Farber adroitly resists the temptation to update the play – we’re firmly in the seventeenth century here – and it is an inspired choice as it means that one can appreciate the different ways in which the story has been interpreted since Miller wrote it in 1953 yet not feel constrained by them. At the time of writing, Miller was processing the rise of McCarthyism, at this moment in time it feels like a critique of religious fundamentalism of any hue but crucially, it also works as a finely crafted drama about the Salem witch trials themselves.

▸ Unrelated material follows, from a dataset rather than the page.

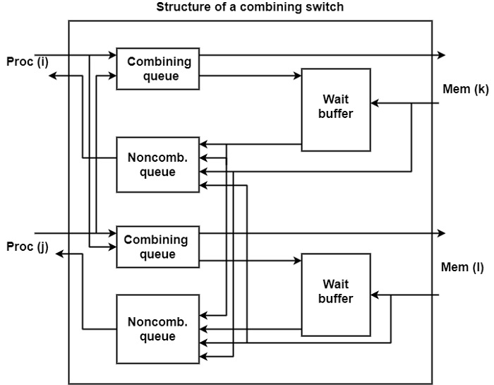 减少交换网络中热点影响的另一种方法是引入组合交换机。这些交换机识别出两个消息指向相同的内存模块,在这种情况下,它们可以将两个消息合并为一个。

It is impeccably acted from top to bottom – Richard Armitage blisters as a fiercely masculine John Proctor, castigating himself as much as those around him for a moment of infidelity which costs him dear; Anna Madeley’s virtuous wife skilfully shows the difficulties of loving someone who has done you wrong; and Samantha Colley is viciously convincing as the vengeful Abigail, leading the other girls of the village in some truly galling and powerful moments of mass hysteria. Ann Firbank’s achingly moving Rebecca Nurse, the conscience-driven reverend given powerful life by Adrian Schiller, Jack Ellis’ sinister judge, Natalie Gavin’s haunted Mary Warren…it’s something of a cliché but there really is no weak link here.

A production that makes sense then of the huge queues for returns and worth catching when the filmed version is released by Digital Theatre later this year.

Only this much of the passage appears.